Elayne Reiss-Weimann and Rita Friedman, two teachers from George Miller Elementary in Nanuet, New York, created the concept of Letter People. In 1964, first-grade teacher Reiss-Weimann formed the original idea for the Letter People. She had struggled daily to draw the attention of her 24 students (who were typical first-graders, eager and rambunctious) in a distraction-fond hallway classroom at the overcrowded school. Weimann collaborated with an early childhood coordinator, Rita Friedman, to create an educational program that revolved around 26 anthropomorphic characters, each representing a letter of the alphabet, to teach beginning readers how to "decode" or "sound out" the consonants and vowels that form words. They embodied the basic rules of phonics into stories about this clan of make-believe pictograms called the Letter People.

Each letter of the alphabet had a distinct characteristic to help children learn not only the letter but the sound the letter represents in the written word. For example, Mister M has a munching mouth, Mister N has a noisy nose and Mister T has tall teeth. The characters were painted on large, two-dimensional portrait cards. Each character was given an engaging personality to help the teacher bring her or him alive in the classroom, and each character had a song (or a poem at the time) to help children recall the distinguishing feature and sound. With the help of the Letter People, children remained on-task, learned more quickly, and retained what they learned. From the beginning, the children viewed the Letter People like real people and not just letters of the alphabet, phonics devices, or toys. On one occasion, when the Letter People had to be shipped to another school, the children insisted that holes would be placed in the boxes so that the Letter People could breathe as they traveled.

Weimann and Friedman later sold the idea to New Dimensions in Education, Inc. (based in Plainview, New York, and later in Norwalk, Connecticut, which, in turn, copyrighted and published The Letter People educational products in 1968. Liz Callen was hired by NDE to design the looks of the characters. NDE developed the concept into classroom programs: Alpha One in 1968, and Alpha Time in 1972.

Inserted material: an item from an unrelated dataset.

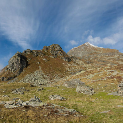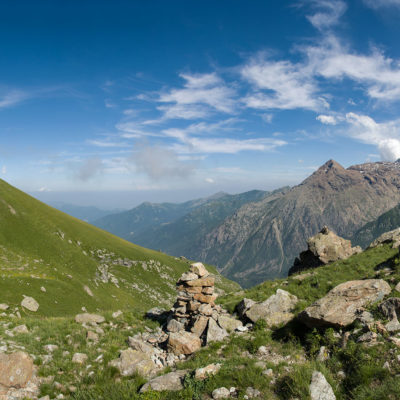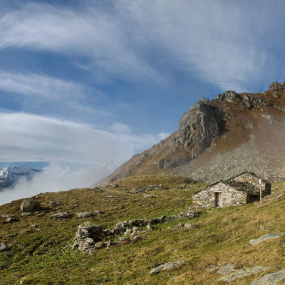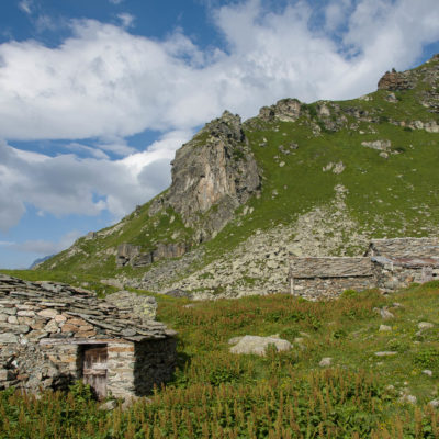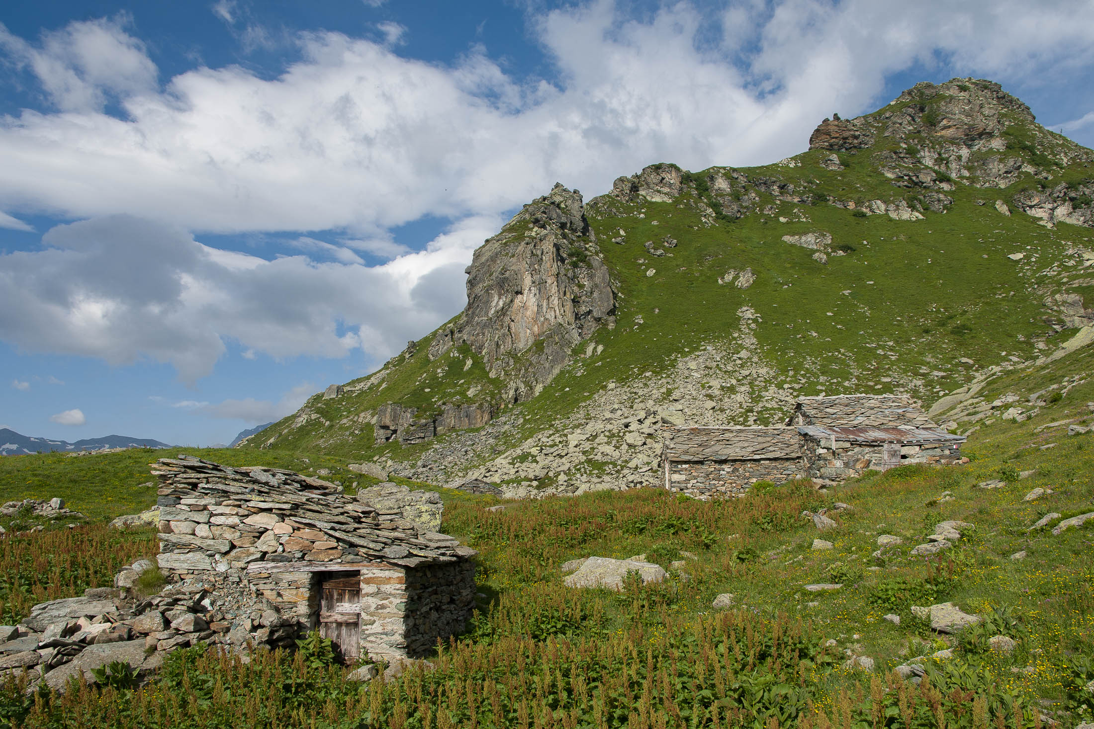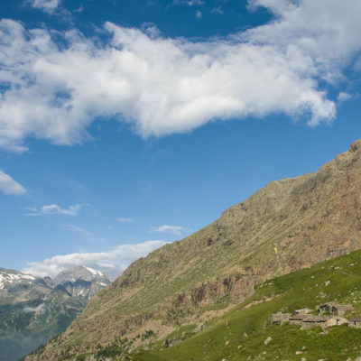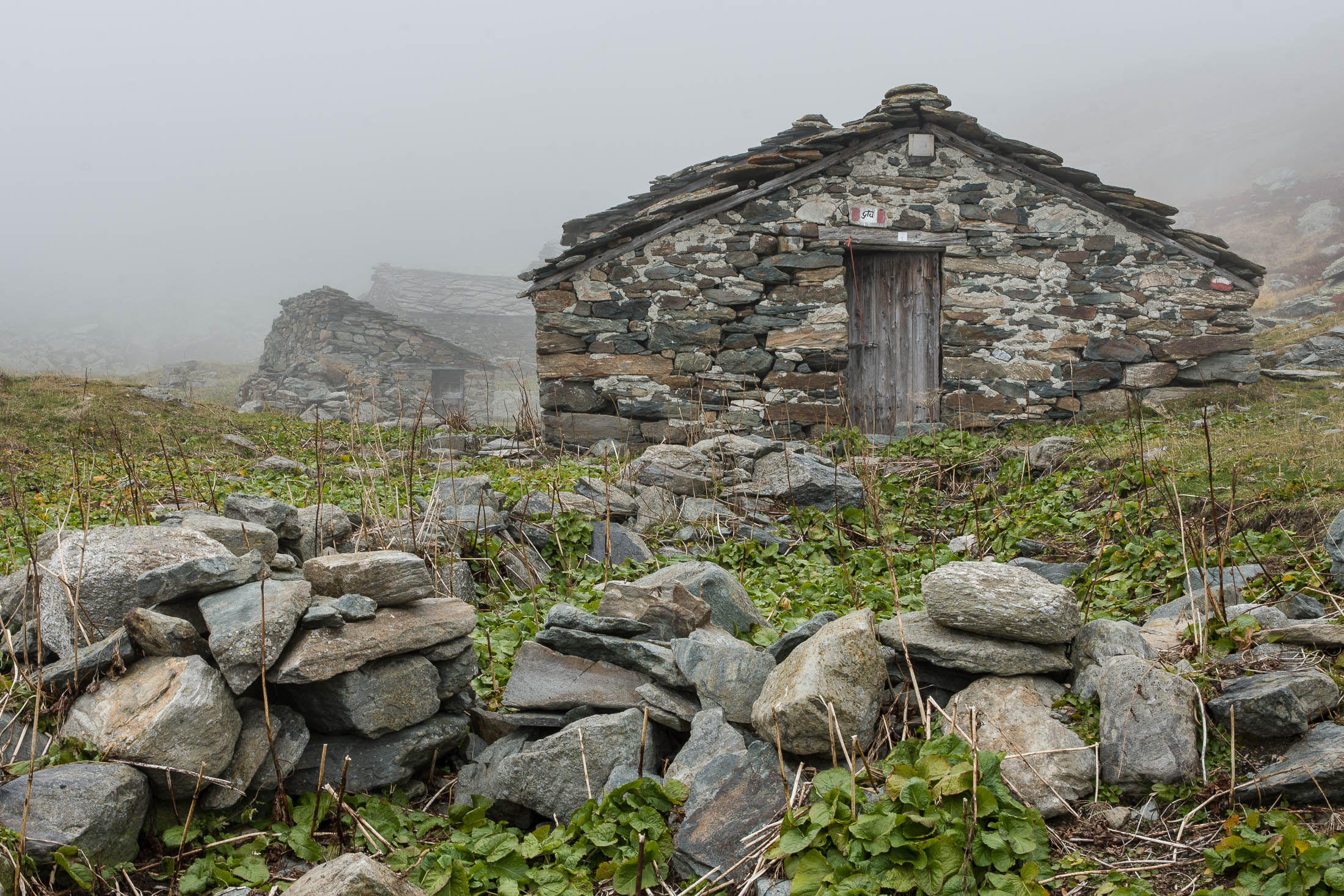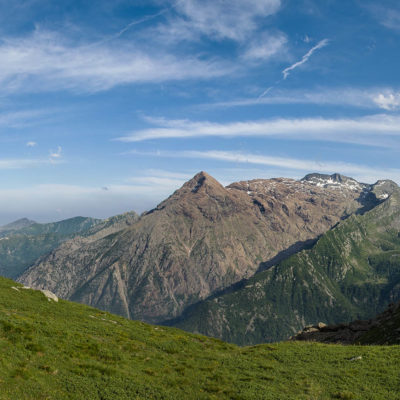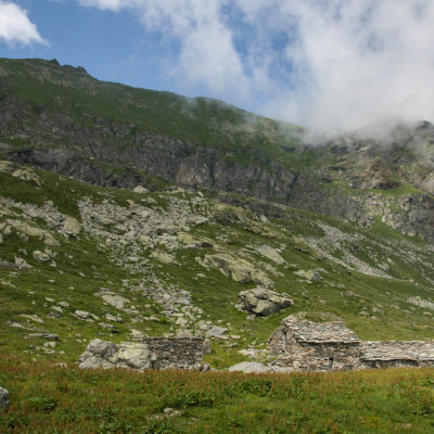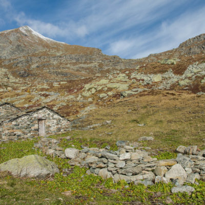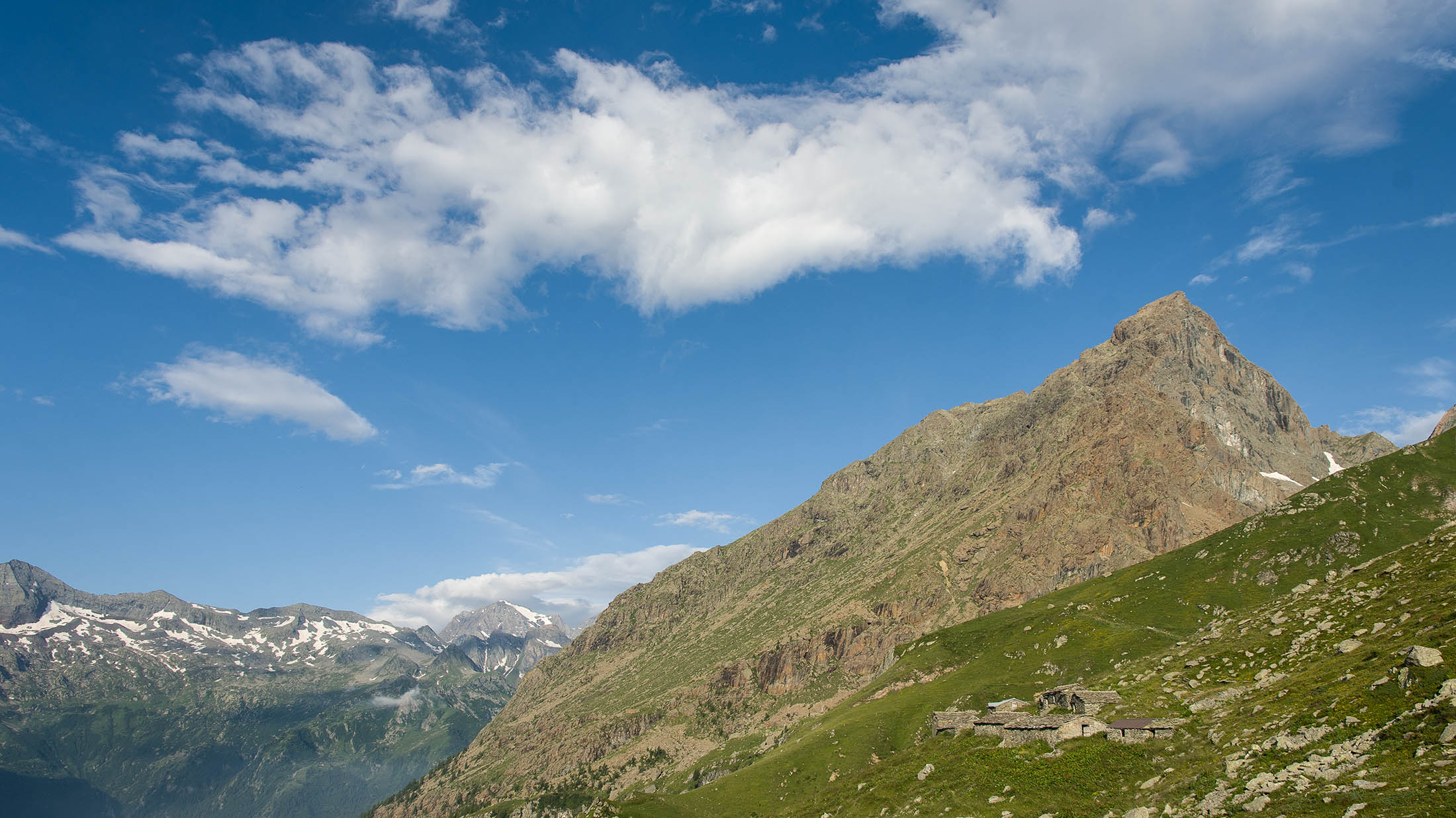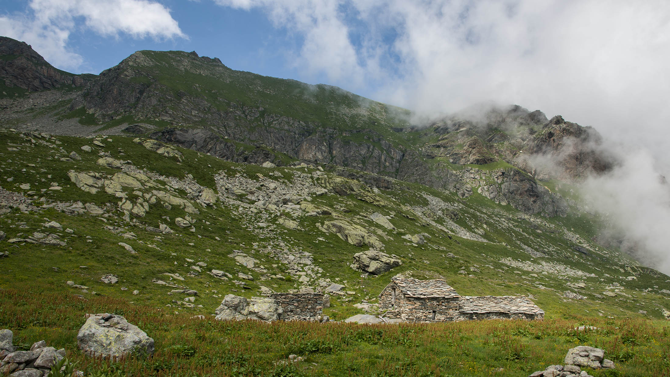 Am nächsten Morgen geht es zunächst 20 Minuten auf dem Weg des Vortags zurück. An einer Gabelung knickt die Pfadspur Richtung Osten ab und führt aussichtsreich hinab zur Alpe Pian delle Mule (2078 m). Die markante Spitze der Uja di Mondrone (2964 m) erhebt sich von hier zum Greifen nah, eine gewaltige Kulisse, besonders eindrücklich, wenn man früh aufsteht und bereits bei Sonnenaufgang unterwegs ist. Von der Alpe Pian delle Mule sind nur noch wenige Gebäude intakt, im Sommer grast noch eine Ziegenherde auf den von vielen Steinen und Felsbrocken übersäten Weiden. Eine vergessene Welt inmitten der Stille. Von dort weiter Richtung Osten (nicht zur Alpe Pian Pra absteigen!), der spärliche und unmarkierte Weg führt ohne nennenswerte Höhenunterschiede zur bereits sichtbaren Alpe Vasuera di sopra (1997 m). Jenseits der Hütten trifft man auf die GTA (Grande Traversata delle Alpi), ein Weitwanderweg durch die piemontesischen Alpen mit nahezu 70 Etappen. Nach einem 45-minütigen Gegenanstieg erreicht man die weitläufige und aussichtsreiche Hochfläche der Alpe Pian del Lago (2225 m). Nur fünf Gehminuten entfernt befindet sich der malerische Lago Vasuero (2237 m) am Fuss der Cima Leitosa (2868 m). Der herrlich gelegene Bergsee kann nach längeren Trockenperioden in den Sommermonaten gelegentlich austrocknen. Pause. Rucksack absetzen und die Füsse ins eiskalte Wasser strecken. Die Gedanken sind frei.

Both program's basic concept was simple: Each letter of the English alphabet was represented by a unique character with traits derived from itself. The consonants were males (as the Letter Boys) and the vowels were females (as the Letter Girls, whom there could be no word without). Reiss-Weimann and Friedman also wrote two series of books about the characters, Read-to-Me (1972–1978) and Fables from the Letter People (1988–1989). Callen returned to illustrate all the books of the latter series. Each Letter Person also had an accompanying song (available on cassettes and vinyl record), and inflatable vinyl effigies in two sizes 12 to 14 in (300 to 360 mm) or 30 in (760 mm) a.k.a. "life-size") known as "Huggables". Other merchandise included filmstrips, flash cards, giant picture cards, board games, puzzles, other educational vinyl records, and coloring sheets. Educators who adopted the program were trained in its implementation, and The Letter People was soon picked up by over 37,000 schools across the US.